If a line below falls between the line with "Pilav demlendikten sonra" and the line with "在山水创作中,他深得海派大师", or is one of those two, output it exactly; output nothing else and no pictures.

---------- Task inputs ----------

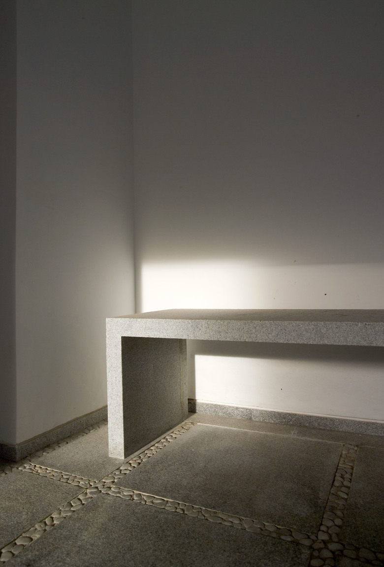 The entrance steps to the court are 6” thick dressed monoliths of sadharhalli stone stacked one over the other like shifting planes. Certain planes and forms in the south elevation are punctuated with a lime green rough slate cladding.
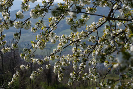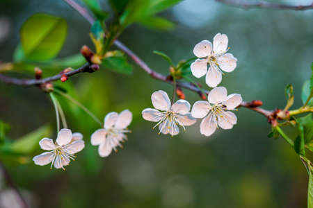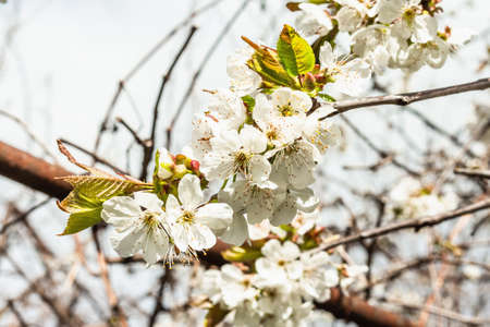 Cherry white flowers on a tree branch. Flowering season. Selective focus
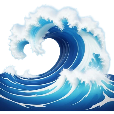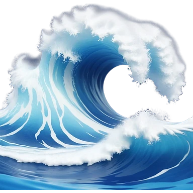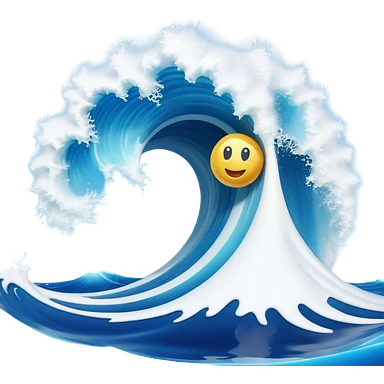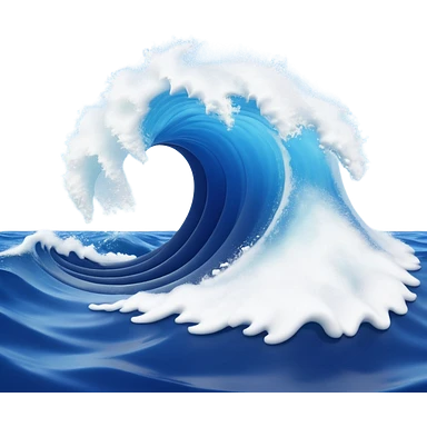 3D render of Tsunami, miniature weather phenomenon, volumetric particle effects, giant curling wave of deep blue water with white foam, emoji style, isolated on white background --v 6.0. emoji
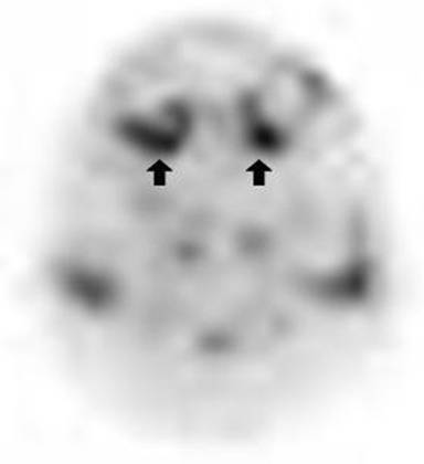 Figure 12. Axial PET image show bilateral retro-orbital hypermetabolic lesions (arrows). Case#3. |
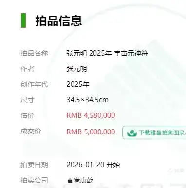 2025年1月20日,香港康乾拍卖有限公司拍张元明作《宇宙元神符》成交价RMB 5000000
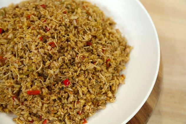 Pilav demlendikten sonra defne yaprağını çıkarın ve servis tabağına alın.
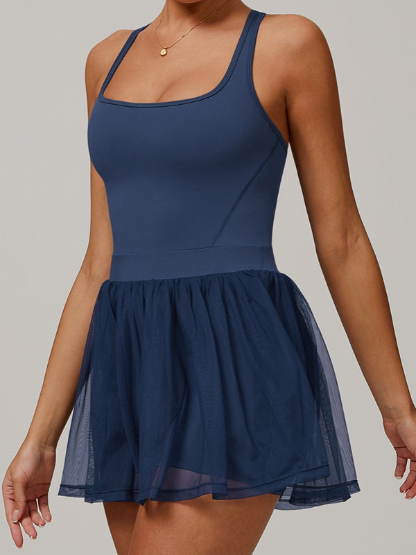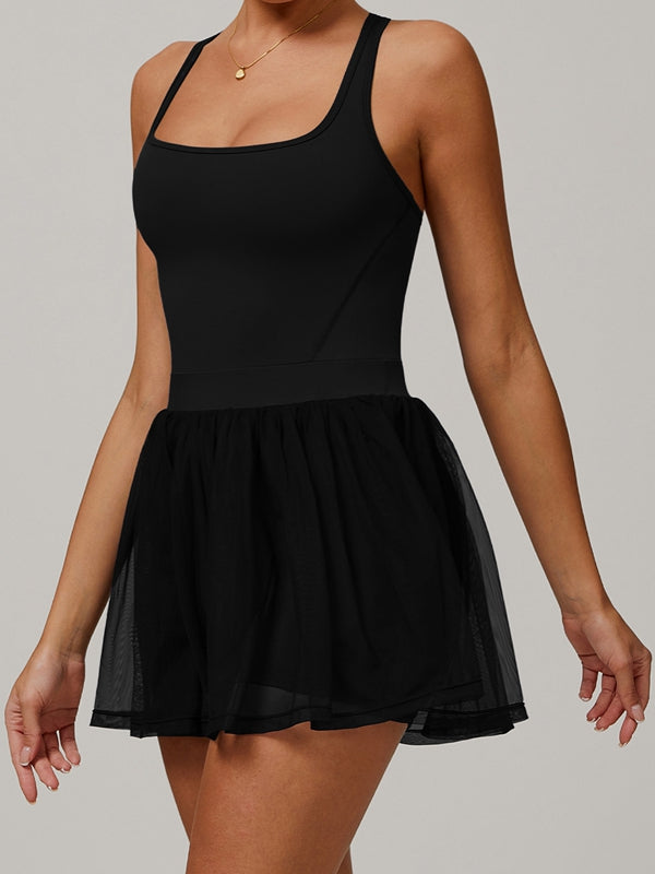 ZASUWA Female Solid Color Mesh 2 in 1 Quick-dry Dress
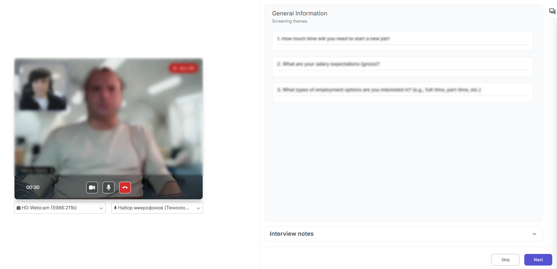 After the interview starts, an interface with the Interview plan will open. It contains discussion topics such as General Information, Experience, Motivation, and others. Topics can be covered in any convenient order and marked as completed as you go.
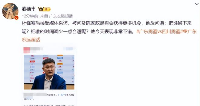 就在所有人都以为,这场封神表现能让陈家政在广东男篮获得更多出场机会时,主教练杜锋的赛后采访,却给所有人浇了一盆冷水。
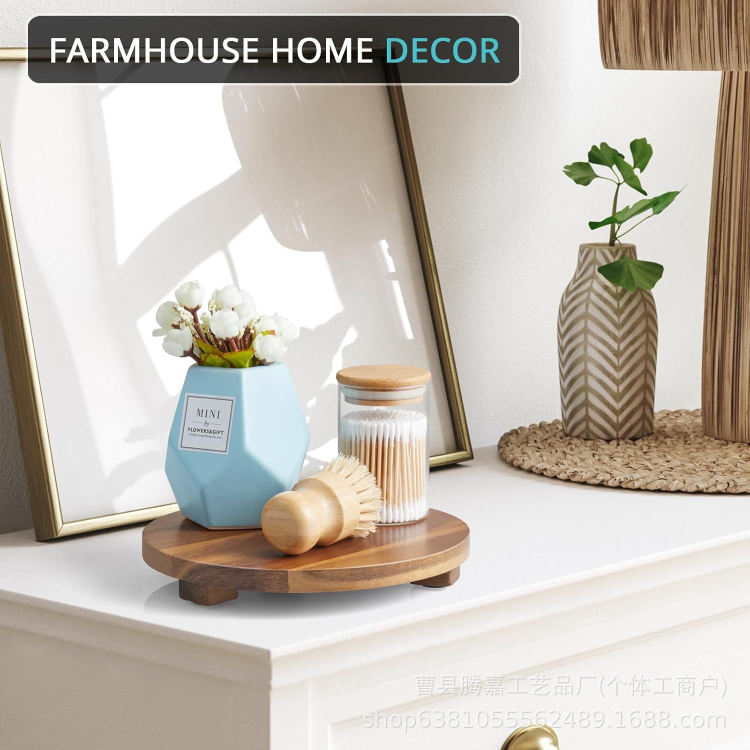 소박한 나무 갈색 커피 컵 베이스 홀더 욕실 보관 서빙 트레이 둥근 화분 다육 베이스스토어 가기
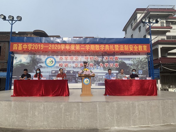光陰荏苒,時(shí)光如白駒過(guò)隙,忙碌而又充實(shí)的2019學(xué)年第二學(xué)期即將結(jié)束。為切實(shí)做好學(xué)生暑假安全教育工作,進(jìn)一步強(qiáng)化師生的安全意識(shí),確保暑假平安。2020年7月15日下午,四基初級(jí)中學(xué)2019學(xué)年第二學(xué)期散學(xué)典禮暨法制安全教育大會(huì)在學(xué)校排球場(chǎng)舉行。學(xué)校全體行政以及初一、二級(jí)全體師生參與會(huì)議。會(huì)議由鄧鈞成副主任主持。
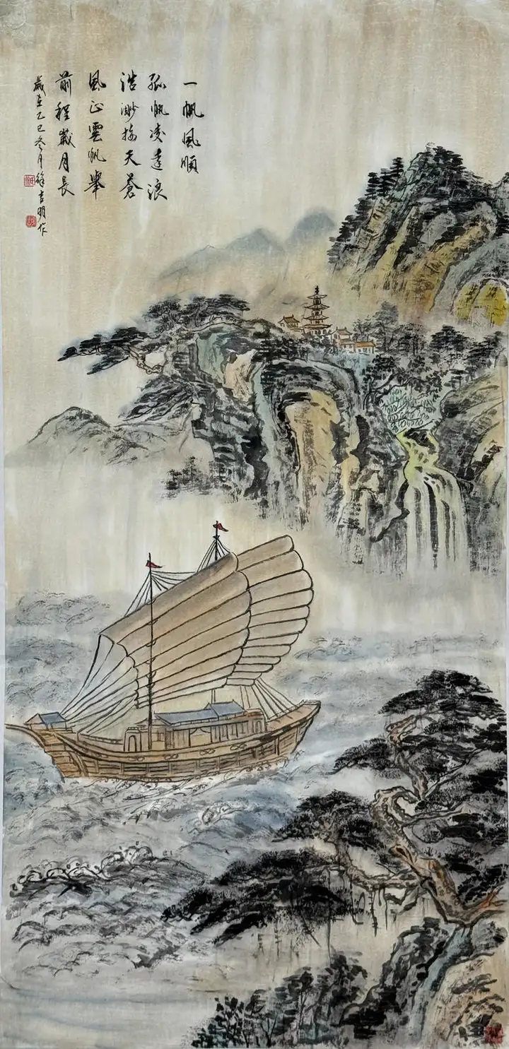 在山水创作中,他深得海派大师陆俨少笔墨意境之真传,笔法灵动、气韵悠远,画面意境开阔深远,形成山水与花鸟兼善、传统与时代相融的完整艺术面貌。
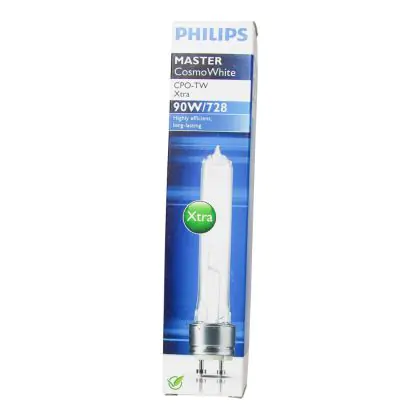 De Philips CosmoWhite CPO-TW Xtra lampen zijn heldere buisvormige keramische metaalhalogeenlampen welke een wit licht uitstralen. Ze hebben een zeer goede spreiding van het licht waardoor de armaturen verder uit elkaar geplaatst kunnen worden. De Philips CosmoWhite CPO-TW Xtra 90W 728 PGZ12 (MASTER) is een 90W gasontladingslamp met een PGZ12 lampvoet. De lampvoet maakt het zeer gemakkelijk om uw lamp te vervangen. U kunt de lamp eenvoudig in het armatuur bevestigen.
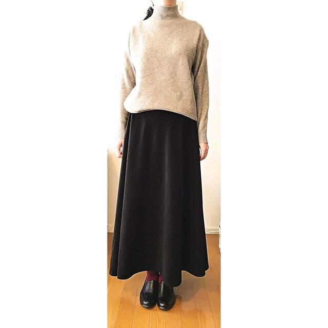 今季流行中のたっぷりめのセーターやタイツの色合わせで楽しめるスカートになりました。
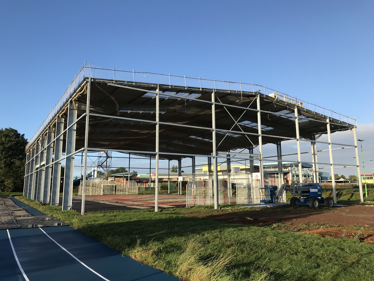 Couverture terrain sport existant, levage depuis l’extérieur (grue de location de 220t)
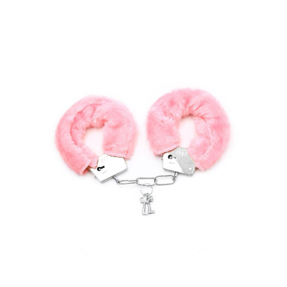 Somos las esposas de peluche suave rosas, donde contrastan lo mejor de ambos mundos. Por un lado, mi metal resistente y duro se asegura de mantener tus manos sujetas sin apretar demasiado. Mientras tanto, mi suave peluche acaricia tu piel brindándote sensaciones opuestas.
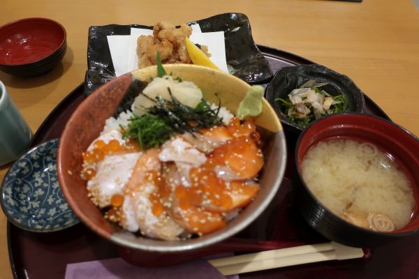 11時半過ぎに、南三陸の道の駅で休憩。 海鮮系の飲食店や売店があり、フードコートの様になってる。 刺身を個別売りしてる勝手丼みたいな店が気になるが、普通の飲食店に入る。 マグロが採れるみたいだけど、マグロ丼って三陸のイメージが無い。
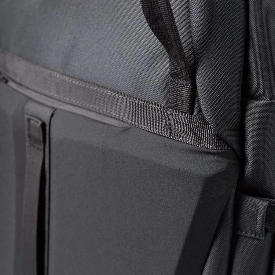 - Low-profile, hidden security pocket, organizational panel, and laptop sleeve
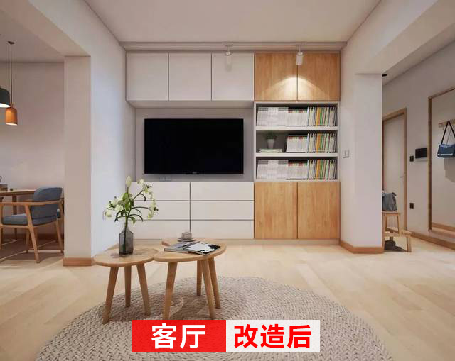 改造后的客廳同樣干凈簡潔,打造一面電視柜做儲(chǔ)物,抽屜+儲(chǔ)物柜+書柜的設(shè)計(jì),能夠滿足客廳的收納需求。
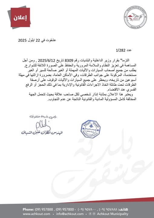 بيان صادر عن بلدية عشقوت يقضي بإزالة جميع السيارات و الآليات المهملة أو غير الصالحة للسير المركونة على جوانب الطريق
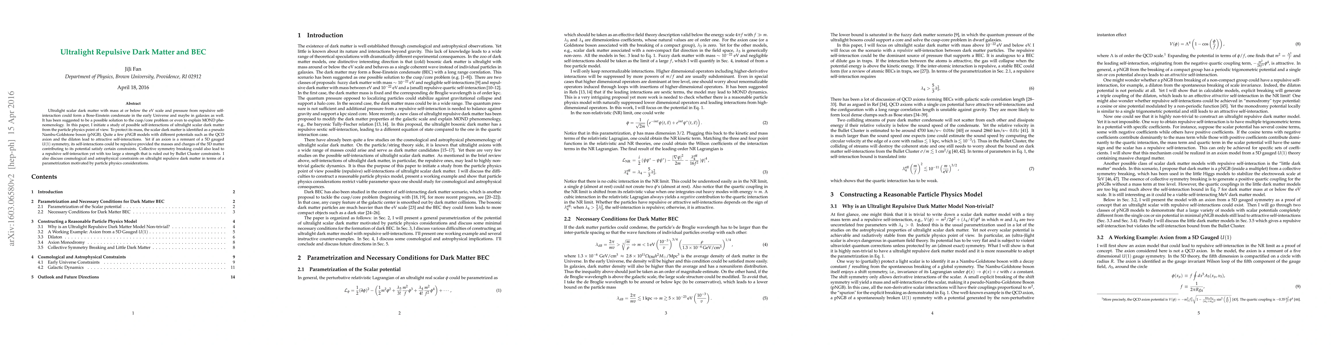 This paper explores ultralight scalar dark matter with repulsive self-interactions, potentially forming Bose-Einstein condensates, as a solution to the cusp/core problem or MOND. It identifies pseudo Nambu-Goldstone bosons, like the QCD axion, as candidates and discusses models with repulsive interactions under specific constraints.
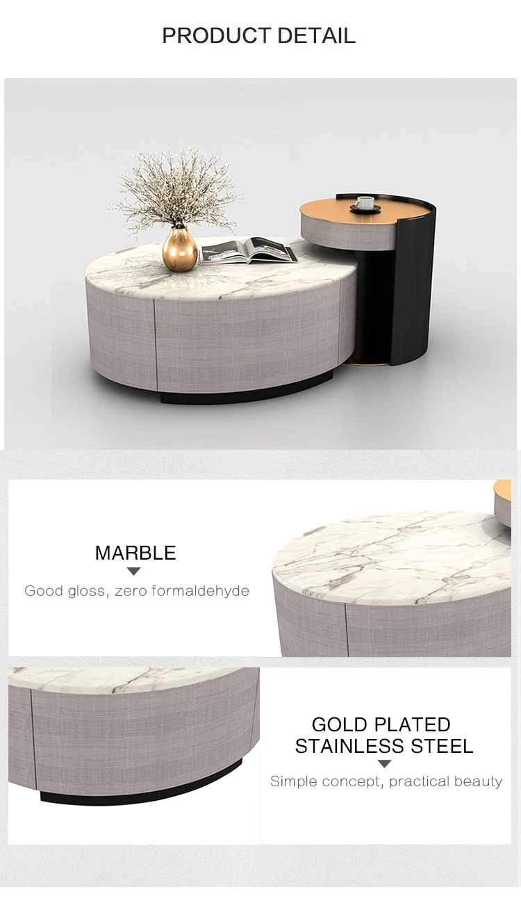 首页 住房活动家具、家用电器 客厅家具 茶几 Italian Round Polished White Marble Coffee Table With Solid Wood Frame And Black Metal Base Side table Modern Tea Tables

----------

Expected answer:
 Pilav demlendikten sonra defne yaprağını çıkarın ve servis tabağına alın.
 ZASUWA Female Solid Color Mesh 2 in 1 Quick-dry Dress
 After the interview starts, an interface with the Interview plan will open. It contains discussion topics such as General Information, Experience, Motivation, and others. Topics can be covered in any convenient order and marked as completed as you go.
 就在所有人都以为,这场封神表现能让陈家政在广东男篮获得更多出场机会时,主教练杜锋的赛后采访,却给所有人浇了一盆冷水。
 소박한 나무 갈색 커피 컵 베이스 홀더 욕실 보관 서빙 트레이 둥근 화분 다육 베이스스토어 가기
光陰荏苒,時(shí)光如白駒過(guò)隙,忙碌而又充實(shí)的2019學(xué)年第二學(xué)期即將結(jié)束。為切實(shí)做好學(xué)生暑假安全教育工作,進(jìn)一步強(qiáng)化師生的安全意識(shí),確保暑假平安。2020年7月15日下午,四基初級(jí)中學(xué)2019學(xué)年第二學(xué)期散學(xué)典禮暨法制安全教育大會(huì)在學(xué)校排球場(chǎng)舉行。學(xué)校全體行政以及初一、二級(jí)全體師生參與會(huì)議。會(huì)議由鄧鈞成副主任主持。
 在山水创作中,他深得海派大师陆俨少笔墨意境之真传,笔法灵动、气韵悠远,画面意境开阔深远,形成山水与花鸟兼善、传统与时代相融的完整艺术面貌。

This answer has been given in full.